**Information shown:**
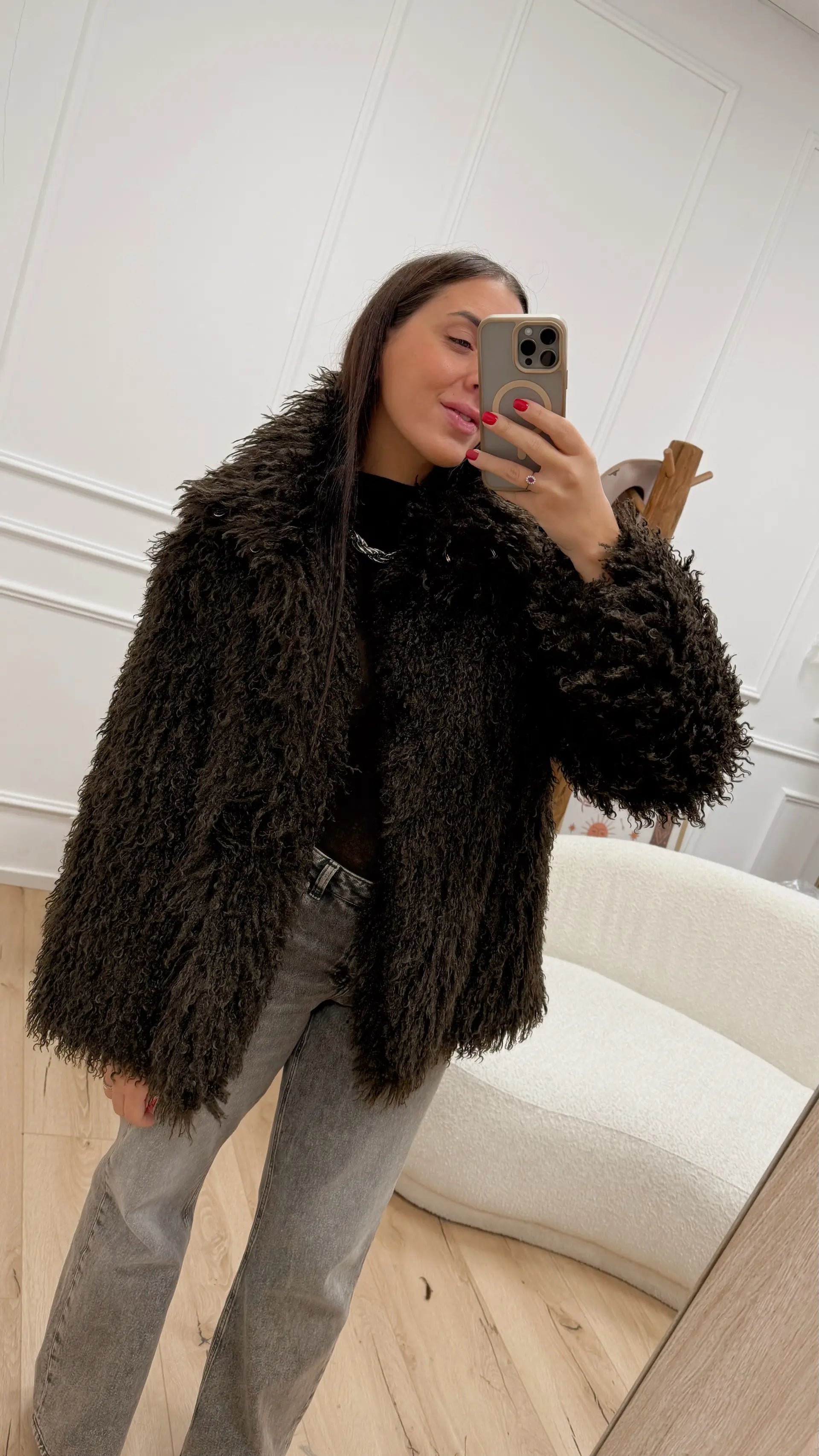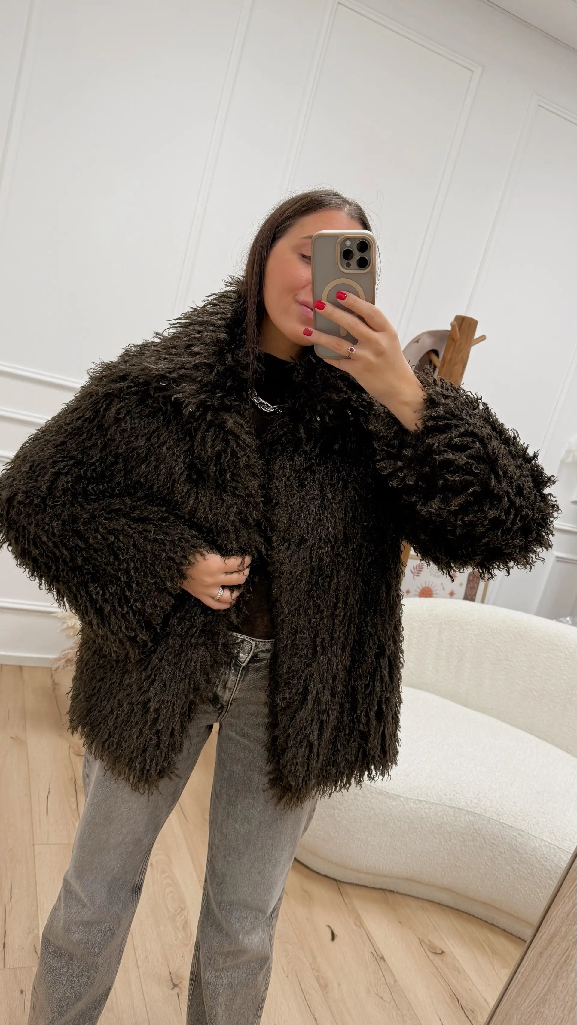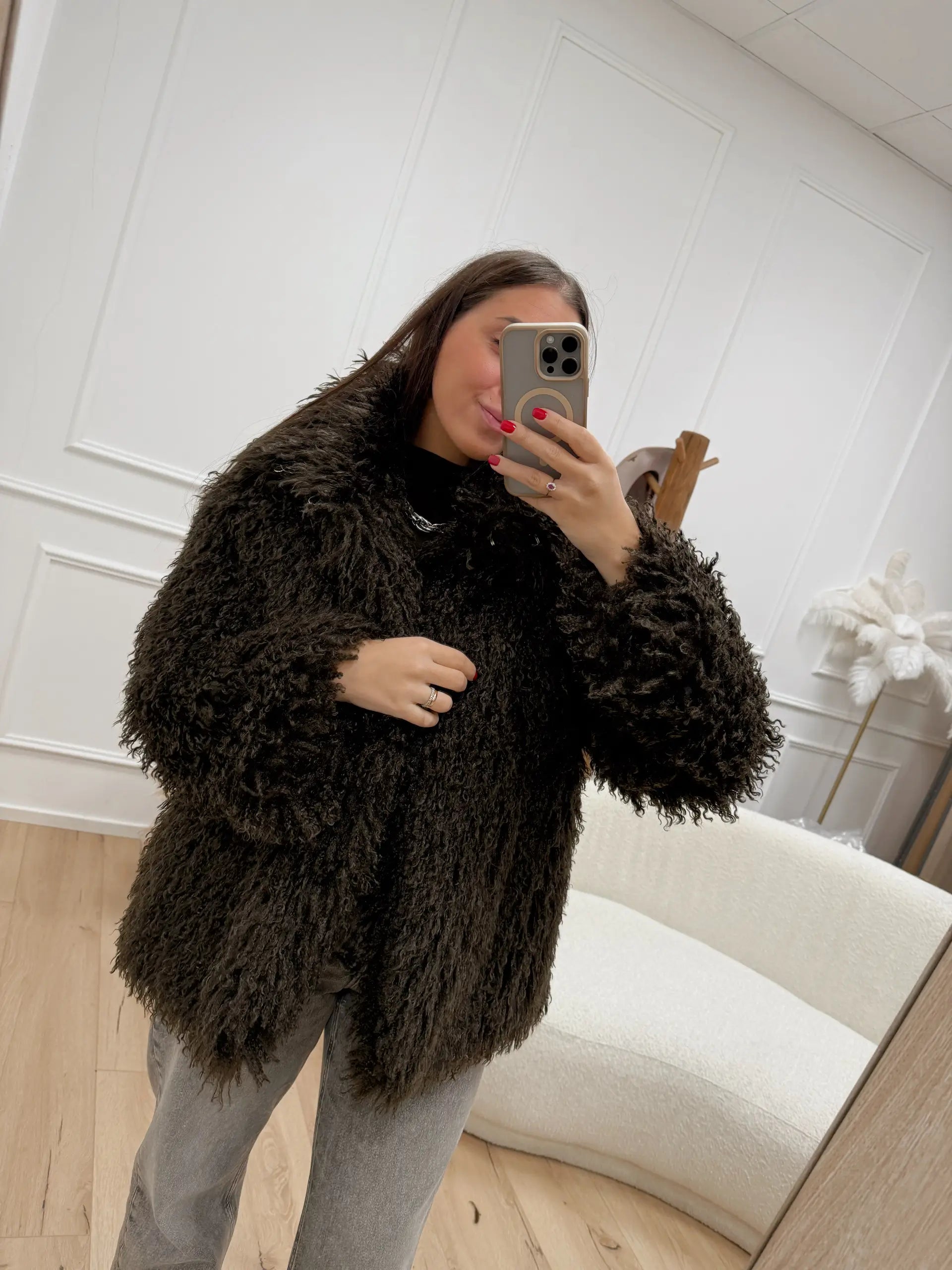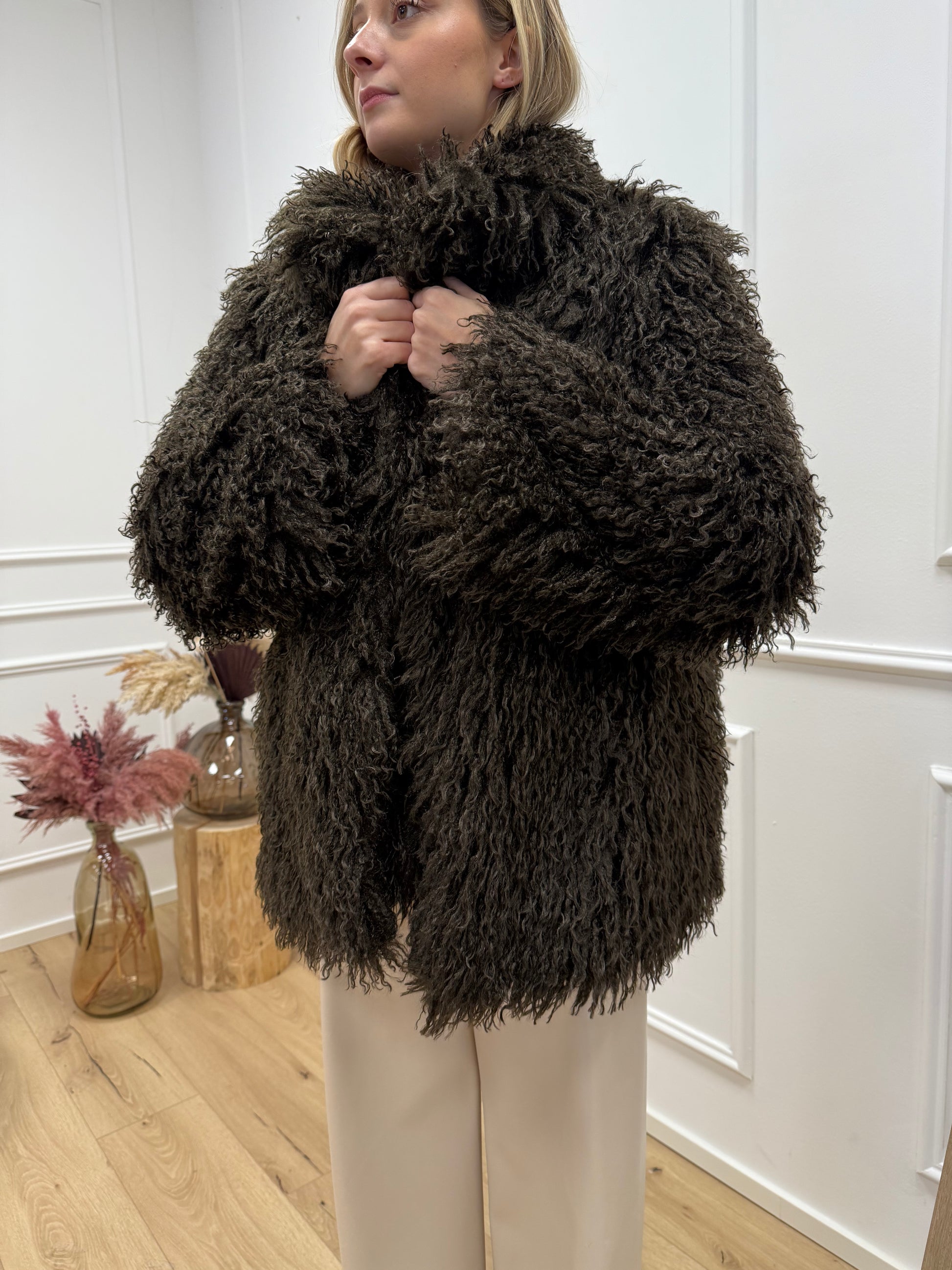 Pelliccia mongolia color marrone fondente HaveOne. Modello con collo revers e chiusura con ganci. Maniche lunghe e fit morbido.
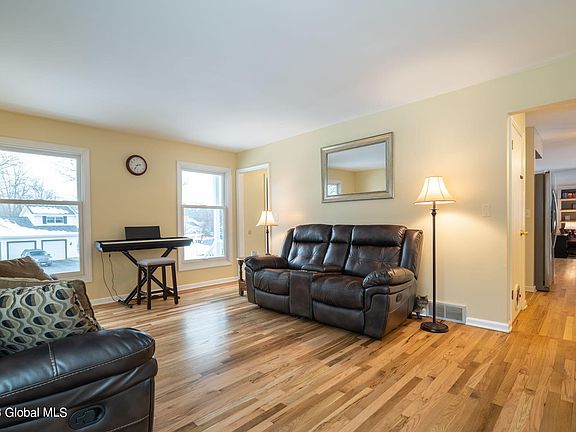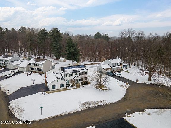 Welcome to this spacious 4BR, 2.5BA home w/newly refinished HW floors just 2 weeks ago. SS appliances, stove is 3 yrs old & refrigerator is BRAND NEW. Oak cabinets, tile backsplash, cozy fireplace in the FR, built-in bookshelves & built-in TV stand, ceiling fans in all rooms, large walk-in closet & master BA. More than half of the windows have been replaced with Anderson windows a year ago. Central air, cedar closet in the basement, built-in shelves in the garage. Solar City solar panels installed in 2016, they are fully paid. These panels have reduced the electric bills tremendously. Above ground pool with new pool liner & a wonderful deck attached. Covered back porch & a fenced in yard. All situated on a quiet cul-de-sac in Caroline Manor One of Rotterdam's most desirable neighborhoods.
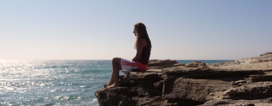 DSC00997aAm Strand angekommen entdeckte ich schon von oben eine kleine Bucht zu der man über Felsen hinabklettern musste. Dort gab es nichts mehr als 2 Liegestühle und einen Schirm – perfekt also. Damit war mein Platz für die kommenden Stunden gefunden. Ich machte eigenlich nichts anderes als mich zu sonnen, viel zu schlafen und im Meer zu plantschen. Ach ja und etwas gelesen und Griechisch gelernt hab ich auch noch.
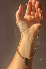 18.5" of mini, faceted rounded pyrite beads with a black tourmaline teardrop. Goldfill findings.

**Task objective:** Would you repeat the listing word for word and skip every picture?

**Exercise result:**
 Pelliccia mongolia color marrone fondente HaveOne. Modello con collo revers e chiusura con ganci. Maniche lunghe e fit morbido.
 Welcome to this spacious 4BR, 2.5BA home w/newly refinished HW floors just 2 weeks ago. SS appliances, stove is 3 yrs old & refrigerator is BRAND NEW. Oak cabinets, tile backsplash, cozy fireplace in the FR, built-in bookshelves & built-in TV stand, ceiling fans in all rooms, large walk-in closet & master BA. More than half of the windows have been replaced with Anderson windows a year ago. Central air, cedar closet in the basement, built-in shelves in the garage. Solar City solar panels installed in 2016, they are fully paid. These panels have reduced the electric bills tremendously. Above ground pool with new pool liner & a wonderful deck attached. Covered back porch & a fenced in yard. All situated on a quiet cul-de-sac in Caroline Manor One of Rotterdam's most desirable neighborhoods.
 DSC00997aAm Strand angekommen entdeckte ich schon von oben eine kleine Bucht zu der man über Felsen hinabklettern musste. Dort gab es nichts mehr als 2 Liegestühle und einen Schirm – perfekt also. Damit war mein Platz für die kommenden Stunden gefunden. Ich machte eigenlich nichts anderes als mich zu sonnen, viel zu schlafen und im Meer zu plantschen. Ach ja und etwas gelesen und Griechisch gelernt hab ich auch noch.
 18.5" of mini, faceted rounded pyrite beads with a black tourmaline teardrop. Goldfill findings.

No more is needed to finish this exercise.